(Dataset items)
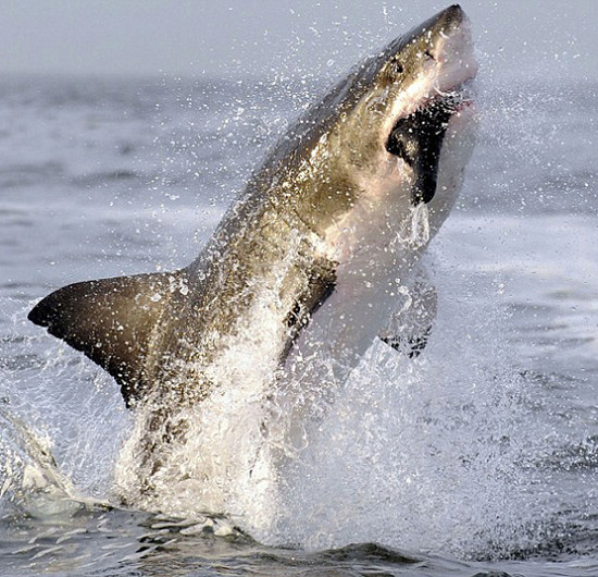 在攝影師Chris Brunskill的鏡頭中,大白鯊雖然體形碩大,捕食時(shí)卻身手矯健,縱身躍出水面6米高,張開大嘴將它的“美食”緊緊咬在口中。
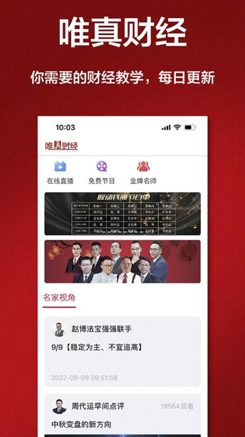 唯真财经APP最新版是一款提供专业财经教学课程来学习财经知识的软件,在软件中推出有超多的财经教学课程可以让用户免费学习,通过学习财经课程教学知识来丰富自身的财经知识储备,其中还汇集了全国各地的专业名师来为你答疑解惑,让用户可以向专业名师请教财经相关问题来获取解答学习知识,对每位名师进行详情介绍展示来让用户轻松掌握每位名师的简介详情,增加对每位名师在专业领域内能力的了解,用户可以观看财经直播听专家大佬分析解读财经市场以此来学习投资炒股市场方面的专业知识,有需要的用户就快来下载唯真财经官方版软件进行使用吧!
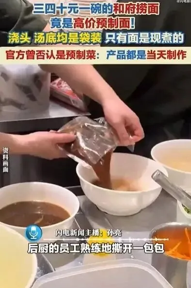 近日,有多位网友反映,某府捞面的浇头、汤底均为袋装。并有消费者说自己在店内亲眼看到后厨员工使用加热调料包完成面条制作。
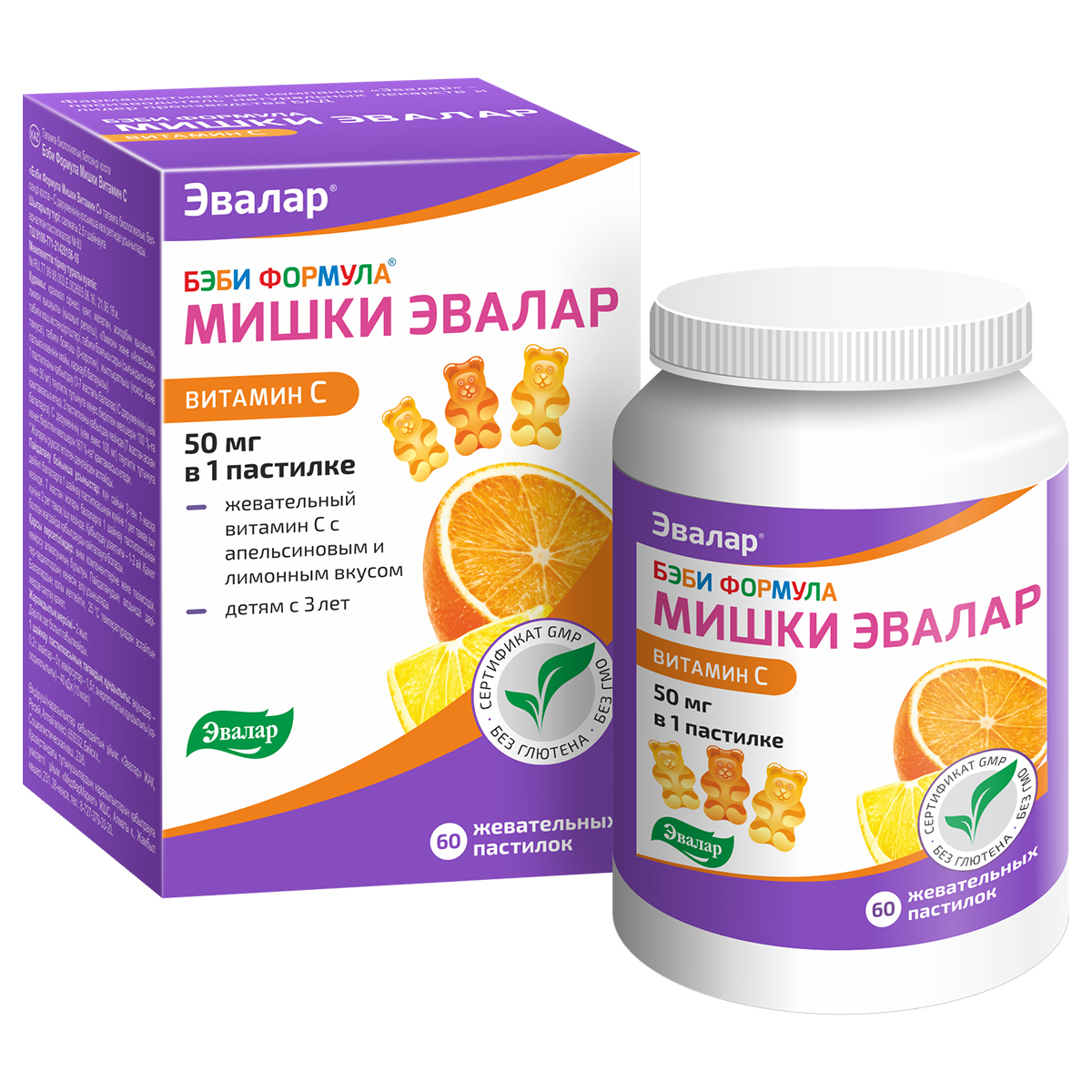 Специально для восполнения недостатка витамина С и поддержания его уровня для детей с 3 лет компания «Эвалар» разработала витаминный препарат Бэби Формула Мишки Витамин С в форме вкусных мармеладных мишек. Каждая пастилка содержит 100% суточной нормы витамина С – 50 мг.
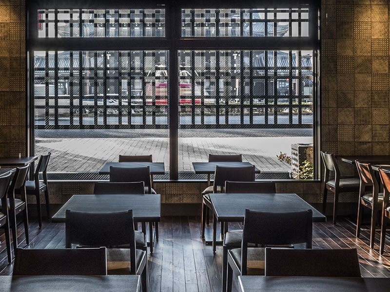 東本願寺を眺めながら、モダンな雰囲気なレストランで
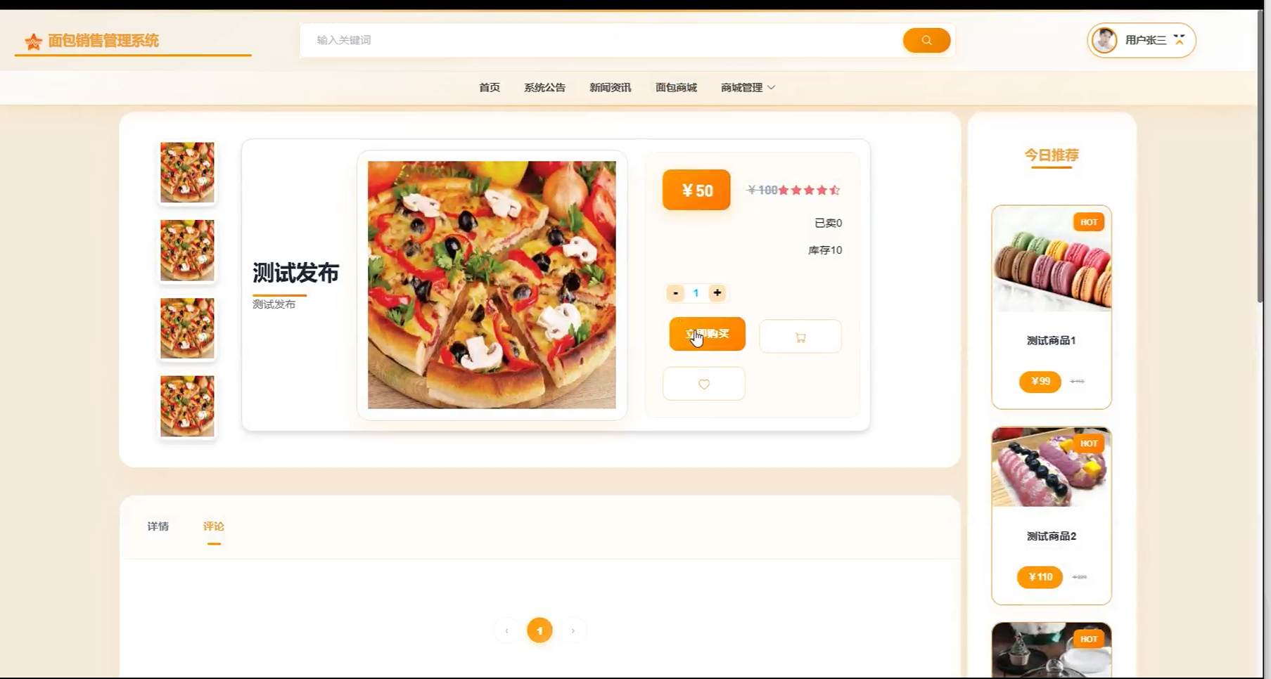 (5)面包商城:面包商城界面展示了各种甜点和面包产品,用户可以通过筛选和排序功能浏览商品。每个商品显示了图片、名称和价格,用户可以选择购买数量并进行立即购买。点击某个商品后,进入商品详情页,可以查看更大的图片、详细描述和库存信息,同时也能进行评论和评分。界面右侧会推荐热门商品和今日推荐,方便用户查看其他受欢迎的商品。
--
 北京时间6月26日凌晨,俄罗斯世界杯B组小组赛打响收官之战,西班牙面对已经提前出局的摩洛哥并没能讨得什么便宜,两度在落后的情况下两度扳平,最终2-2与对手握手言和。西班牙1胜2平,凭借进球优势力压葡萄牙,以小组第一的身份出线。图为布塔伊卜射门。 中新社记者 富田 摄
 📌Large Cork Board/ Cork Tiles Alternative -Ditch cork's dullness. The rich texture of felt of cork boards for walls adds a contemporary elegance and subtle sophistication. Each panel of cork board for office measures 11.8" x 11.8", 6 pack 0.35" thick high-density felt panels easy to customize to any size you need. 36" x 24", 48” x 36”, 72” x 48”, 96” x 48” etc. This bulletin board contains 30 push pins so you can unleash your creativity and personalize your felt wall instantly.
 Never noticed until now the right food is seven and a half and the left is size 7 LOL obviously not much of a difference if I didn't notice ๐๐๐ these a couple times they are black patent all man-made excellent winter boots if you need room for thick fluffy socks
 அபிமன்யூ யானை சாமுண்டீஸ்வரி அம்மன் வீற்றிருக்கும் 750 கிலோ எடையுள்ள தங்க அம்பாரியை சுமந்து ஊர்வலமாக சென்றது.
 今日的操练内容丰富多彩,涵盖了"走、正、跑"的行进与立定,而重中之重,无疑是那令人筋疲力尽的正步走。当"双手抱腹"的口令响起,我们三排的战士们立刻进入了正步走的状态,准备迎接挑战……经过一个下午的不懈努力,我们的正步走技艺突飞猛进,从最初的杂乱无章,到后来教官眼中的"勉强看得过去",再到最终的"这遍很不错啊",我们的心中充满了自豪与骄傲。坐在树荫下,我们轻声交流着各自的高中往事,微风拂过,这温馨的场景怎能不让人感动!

→ TASK GOAL
With pictures omitted, repeat the entries above word for word from the line holding "在攝影師Chris Brun" down to the line holding "近日,有多位网友反映,某府捞", keeping both of those lines.

→ PROBLEM SOLUTION
 在攝影師Chris Brunskill的鏡頭中,大白鯊雖然體形碩大,捕食時(shí)卻身手矯健,縱身躍出水面6米高,張開大嘴將它的“美食”緊緊咬在口中。
 唯真财经APP最新版是一款提供专业财经教学课程来学习财经知识的软件,在软件中推出有超多的财经教学课程可以让用户免费学习,通过学习财经课程教学知识来丰富自身的财经知识储备,其中还汇集了全国各地的专业名师来为你答疑解惑,让用户可以向专业名师请教财经相关问题来获取解答学习知识,对每位名师进行详情介绍展示来让用户轻松掌握每位名师的简介详情,增加对每位名师在专业领域内能力的了解,用户可以观看财经直播听专家大佬分析解读财经市场以此来学习投资炒股市场方面的专业知识,有需要的用户就快来下载唯真财经官方版软件进行使用吧!
 近日,有多位网友反映,某府捞面的浇头、汤底均为袋装。并有消费者说自己在店内亲眼看到后厨员工使用加热调料包完成面条制作。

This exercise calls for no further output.